Thursday, July 4th, 2013

"When bureaucratic impulses overwhelm freedom of expression an industry dies, and a new community of like believers is created."
-Richard Geldard


There's a mix of malaise and desperation felt among many in the Nashville songwriting community, both professional and amateur, resulting from many of the songs that we are hearing.

Songs have become products positioned to sell other products through the medium of advertising. Although this is nothing new, these "song-products" have become more and more "refined" in order to meet the needs of the marketplace and to adhere to the following requirements:

-overly-simplistic messages

-mostly adolescent themes

-one level of meaning

-information over communication

This is not the language of art, of craft, of human relations even, but, rather, the language of marketing and commerce.

"Writing with the artist", in most cases, has greatly diminished the quality of our craft. Of course, some singers and performers have always been gifted writers, but regardless of talent, this is becoming more and more the way to get a song cut. In the short term, the song suffers; in the end, the profession does.


The special place that Nashville holds as "The Songwriting Capital of the World" will be lost.

A Declaration of Principles and Intentions

-We admit that we've lost our way, traveled too far down the wrong road, and that, sometimes, it's best to stop and turn around, go back to things we know to be true and get our bearings before proceeding again.

-We acknowledge that creative requirements based on the limitations of the marketplace are a fallacy. These limitations devalue our skill and power as songwriters.

-We will serve the art form first, and not an industry, and by trusting in our talent, we will "Make the need felt which only we can supply, and create the taste by which we shall be enjoyed."

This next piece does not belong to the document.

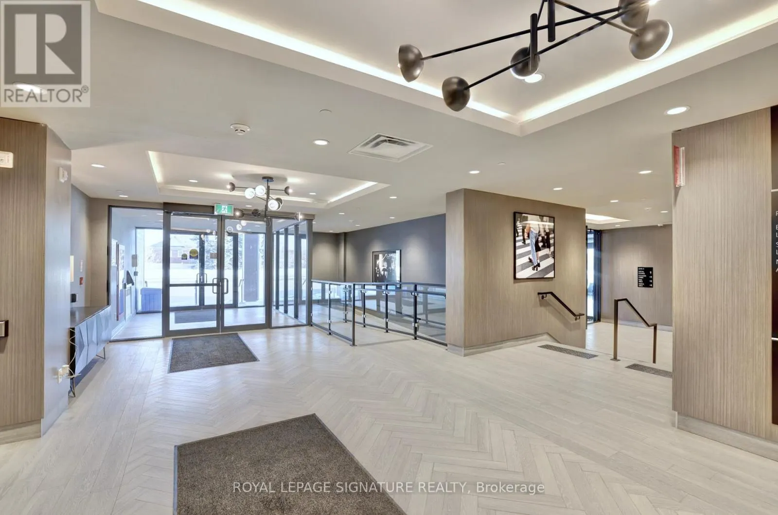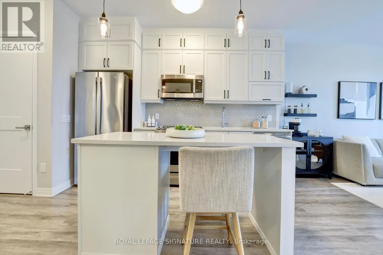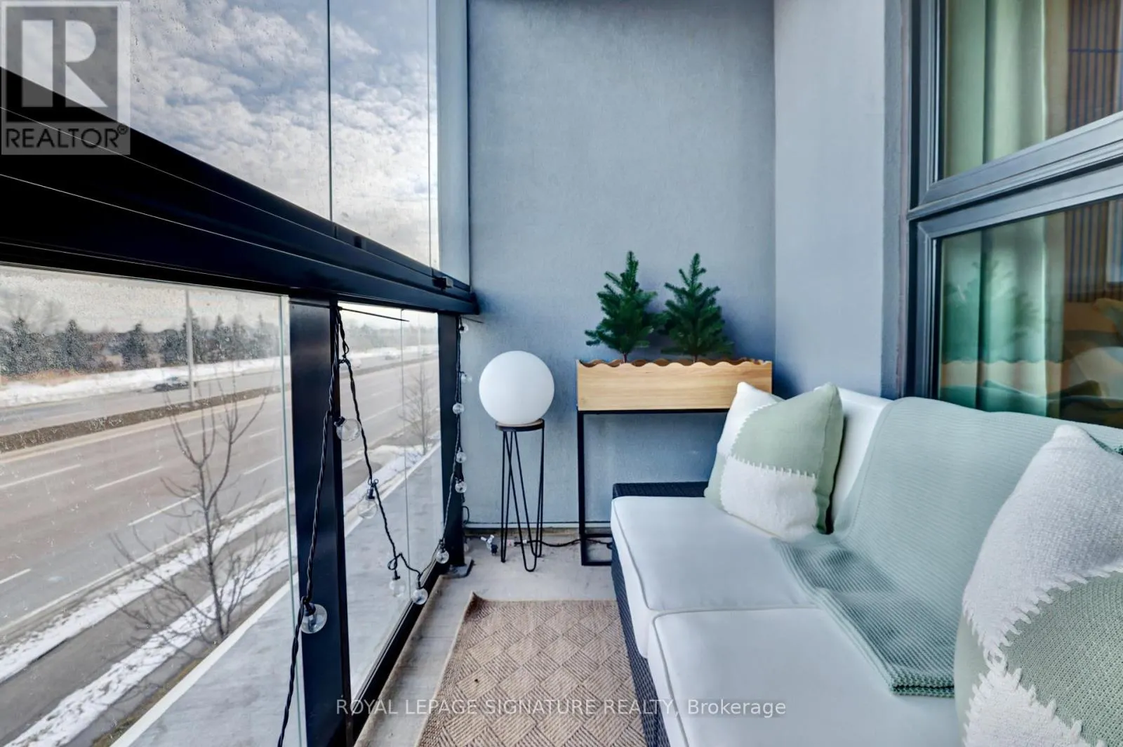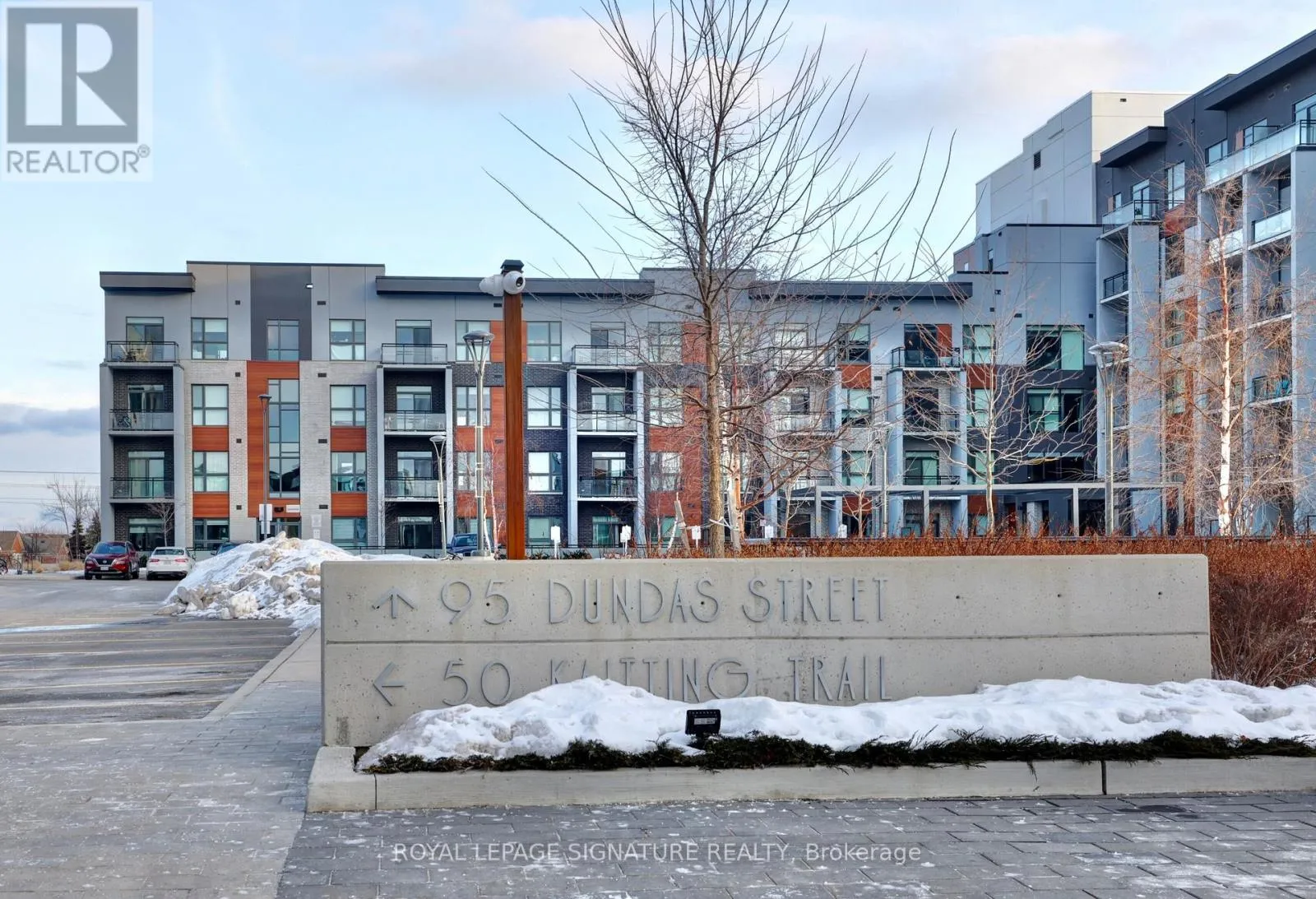Dundas and Sixth Line Beautiful NEW Low Rise Condo 661 Sq Ft. with 1 Bedroom and Den ceilings are 9ft. Convenient Main floor Access with Balcony on Second Level (very safe). Balcony is 37 Sq Ft private with Lumon Retractable Glass ($6K premium) to allow for open balcony or enclosed. Kitchen is open to Living Room, Kitchen Island has seating and hanging light Pendants, Linen closet, Bedroom Wall has been Soundproofed plus Acoustic Wood Feature wall added. Flooring is Vinyl and Den is large enough for Office, Nursery or Day Bed. Building Amenities includes Gym and Party Room, Rooftop Lounge with BBQ. The underground parking is on Main Level and very bright, Visitor parking is surface and convenient. Location is Excellent close to Hospital, Hwy and tons of Shopping options. SEE VIRTUAL TOUR ATTACHED TO LISTING. (id:27476)

-We will earn the right to discern between good and not so good by educating ourselves with the best that has come before us, and admit that there does exist a hierarchy of quality, and that popularity does not automatically mean good works.

-We will experiment with new forms and diverse themes.

-We will not limit ourselves to a restricted harmonic vocabulary.

-We will not be afraid to challenge our listeners through the use of figurative language or any other device from our literary tradition.


A group of songwriters, performers, and educators whose mission is the preservation and further development of artistic practices that are the acknowledged benchmarks of excellence in musical craft. We believe:

-As artists, we have a responsibility to our craft, our audience, and our inherited tradition.

-If we're not being the best that we can be, what's the point?

-Songwriting is an art form, and as such, capable of being judged by artistic standards.

-The knowledge of something doesn't make it less beautiful.

-Commercial success is still a good thing.

-"Free" music doesn't empower one to judge, so "It's all good."

-"It's all good" means "It doesn't matter", and we think it does.

-Good songs are good enough to make other songs better.

-Adults need music, too.

-It takes a whole village to raise a great song.

-One musician (or programmer) doing all the work is not as cool.

-Rubato is not dead.

-The 3 1/2 minute song convention is dispensable.

-The essential trait of an artist is humility.

"Through the personal rediscovery of the Great, we need not be the passive victims of what we call 'circumstances'. By linking ourselves with the Great we can become freer- freer to be ourselves, to be what we most want and value."
-W. J. Bate

"Everyone of the great revolutionists have been optimists. They have been indignant, not about the badness of existence, but about the slowness of men in realizing its goodness."